Col. William Prescott’s biblically-themed word of encouragement to the people of Boston is another lost episode in American history.

Read and Reflect: Read Joshua 1:9 and reflect on God’s encouragement not to be dismayed but to take courage and compare that to the word of encouragement given by William Prescott.

Prayer: Heavenly Father, thank you for these brave souls who won our liberty by spending their treasure and spilling their blood. May we take courage from their example and from your word, knowing that you are with us wherever we go, we pray in Jesus’ Name, Amen.

*Source Citation: George Bancroft, History of the United States of America, from the Discovery of the Continent, 10 vols., (Boston: Little, Brown and Company, 1858), 4:371-72. Bracketed items added.


Lost Episode for October 12

John Jay CroppedFounding Father John Jay, one of the authors of the Federalist Papers and George Washington’s first Chief Justice of the U.S. Supreme Court, wrote to John Murray on October 12, 1816:

“Almost all nations have peace or war at the will and pleasure of rulers whom they do not elect, and who are not always wise or virtuous. Providence has given to our people the choice of their rulers, and it is the duty, as well as the privilege and interest of our Christian nation to select and prefer Christians for their rulers.”*

Founder John Jay considered America to be a Christian nation and advised that citizens should select Christians to fill elected offices of leadership. That is another lost episode in American history.
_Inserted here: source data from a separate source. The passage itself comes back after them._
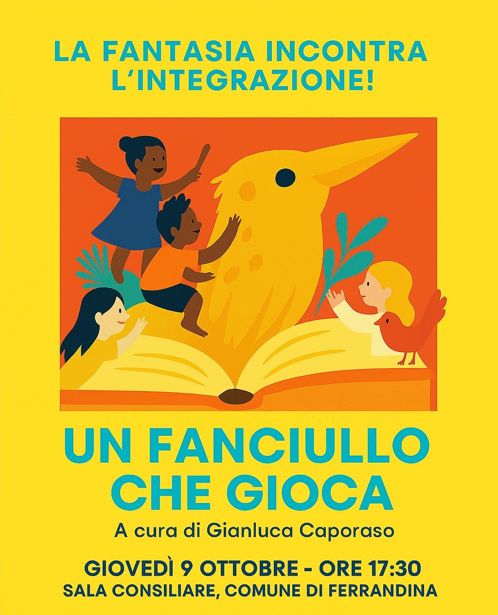 6/10/2025 | Sarà presentato giovedì 9 ottobre, alle ore 17.30, nella Sala Consiliare del Comune di Ferrandina, il libro "Un fanciullo che gioca", una preziosa testimonianza dei risultati di un laboratorio di scrittura fantastica tenutosi nell'estate del 2025.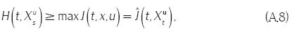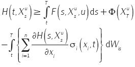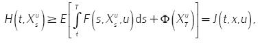 Demostración del teorema 2. Supóngase que H y g son dadas como se enunció anteriormente. Se elije una regla de control arbitraria u ∈ U y un punto fijo (x, t). Se define el proceso Xu en el intervalo de tiempo [t,T] como la solución de la ecuación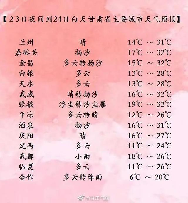 明天夜间到后天白天,甘南、临夏、陇南、天水、定西等州市多云,部分地方阴有阵雨或雷阵雨,局部地方有中雨;平凉、庆阳两市晴间多云,局部地方阴有阵雨或雷阵雨;省内其余地方晴或多云,祁连山区阴有小雨或雨夹雪。另外,河西五市及白银市北部有5级左右偏东风,并伴有扬沙或浮尘。

Read and Reflect: Read Exodus 18:21 and reflect on the fact that while these words were directed to Moses, the principle is still valid: God’s people should select godly leaders to serve as public officials.

Prayer: Father, we thank you that in America we have the opportunity to select our leaders. Give us wisdom as we cast our ballot, in Jesus’ Name, Amen.

*Source Citation: Henry P. Johnston, ed., The Correspondence and Public Papers of John Jay, 4 vols., (New York: G.P Putnam & Sons, 1893) 4:393.